As we point out in the new paragraph in Discussion concerning heme biology and CO reactivity, CO is not a radical and effects biological processes by binding to the ferrous iron within heme attached to proteins. Further, it is not known how many heme groups are attached to any particular protein, how many hemes must be in the carboxy state to change a protein’s kinetic behavior, how many compounds in a sample are heme bearing, and what ratio of moles of CO to moles of heme bearing enzyme are needed to quickly and maximally change enzyme behavior. In order to maximize kinetic response in any system, there is always an excess of inhibitor/activator to active site. Lastly, we are not sure what the reviewer means by artificial – the entire diagnostic system we are using can easily be accused of not being particularly natural. It was designed a priori to discern the predominant enzymatic species responsible for changes in coagulation and subsequently to assess if heme modulation would affect this enzymatic activity.

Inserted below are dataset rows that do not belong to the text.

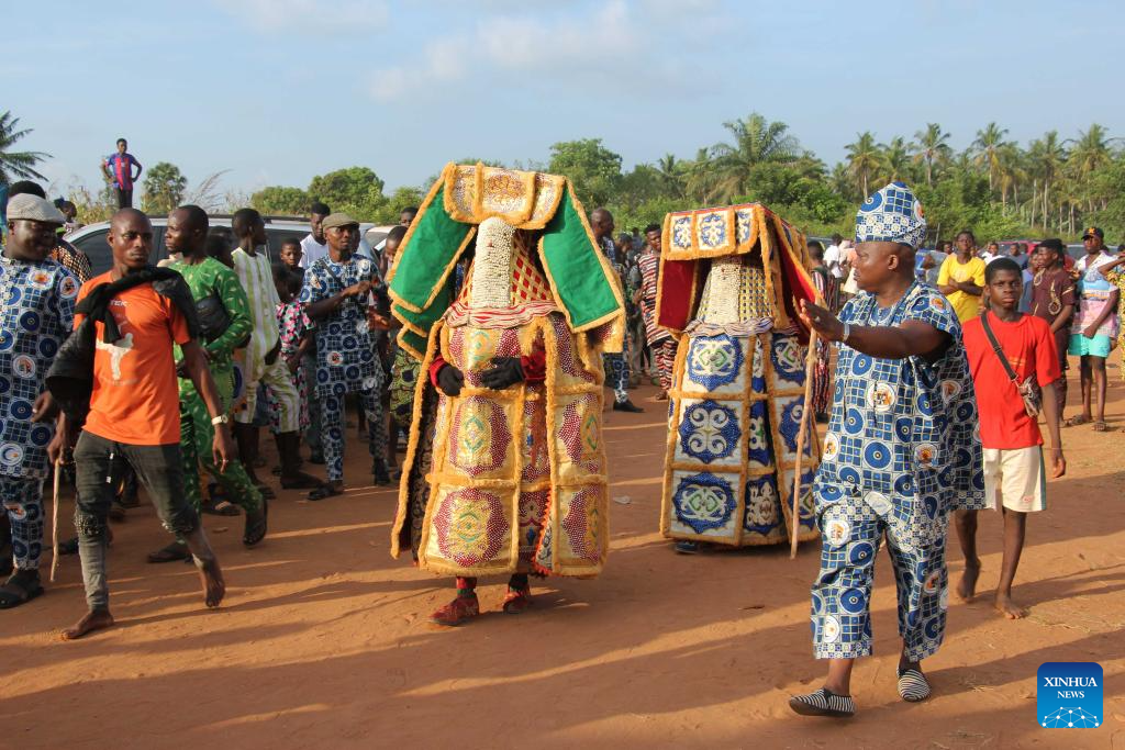 A local wearing costumes performs mask dance during an annual festival in Ouidah, Benin, Dec. 10, 2023. (Photo by Seraphin Zounyekpe/Xinhua)
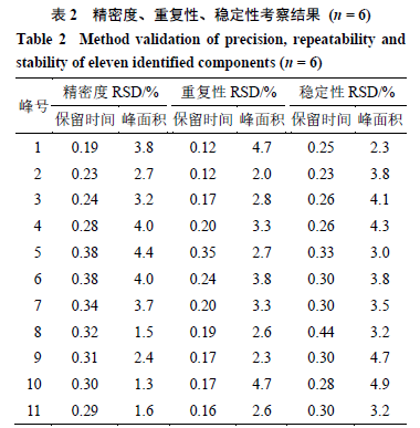2.5.2 重復性試驗 按“2.3”項下方法平行制備6批供試品粉末,裝于6個進樣瓶中,每份稱取1.0 g,精密稱定,進樣分析。結果(表2)表明,11個色譜峰的保留時間和峰面積的RSD最大值分別為0.35%、4.7%,表明方法重復性較好。
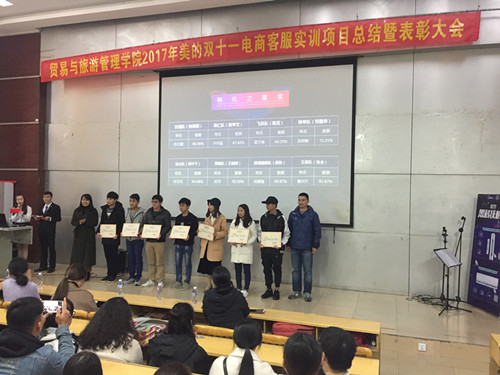 1125日下午1400,贸易与旅游管理学院在博闻楼110教室举行了2017年美的集团“双十一”电商客服实训项目总结表彰大会。出席此次会议的有学生科长夏佩、美的集团项目经理赵杨、电子商务团队负责人胡志仁、连锁经营管理专业团队负责人王晓娟、辅导员李静宜、覃慧川以及美的“双十一”项目客服督导和参加此次项目的2016级电子商务、连锁经营管理、网络营销三个专业共计244名学生。

The interpretation of the effects of CO on any system with CORMs is based on a change observed with a CORM not being observed with an inactivated CORM. Concentration has little to do with it as far as we can tell from the available in vitro literature using the compounds in the ranges we have in this and other recent works. We have generated sigmoidal shaped CO concentration-enzyme inhibition curves with CO concentrations from 0 to 700 micromolar depending on the species involved. This implies heme-based biology at play, with the target enzyme either more or less vulnerable to CO modulation.
As for the concentrations of PHA, we have used these for several years in many different biological samples, and it either has an effect or not based on likely heme-based biology. We have seen PHA decrease or do nothing to venom activity in all our investigations to date.
Minor concerns:
1) “There are many abbreviations used throughout the text. It is then recommended that an Abbreviation List should be included in an appropriate place;” The addition of a list in Results has been done to accommodate this request.
2) “The manuscript requires an English revision. Some examples: “In order to further this undertaking of documenting …” (page 2, line 47);
“… kinetic profiles that are identical that are generated…” (page 2, lines 66-67); the expression (in several places) “venom exposed plasma” could be better reading as “venom-exposed-plasma; “a unique circumstance” (page 5. Line 150); “…venom exposure to CO exposure …” (page 5, lines 153 -155);” We have modified the text as suggested with the exception of the double hyphenated phrase as it is cumbersome and distracts from the associated text.
3) “Last sentence in page 3 (lines 109-111): Bothriechis schlegelli is not also an exception?” Yes, and thank you for finding this error.
4) “Page 6, lines 156-157: the expression refers to which venom?” Atropoides olmec, which is now indicated.
5) “Page 7, lines 191-192: It seems that the exceptions mentioned should include Agkistrodon contortrix laticinctus;” No, for as table 5 indicates, CO inhibits the activity of this venom.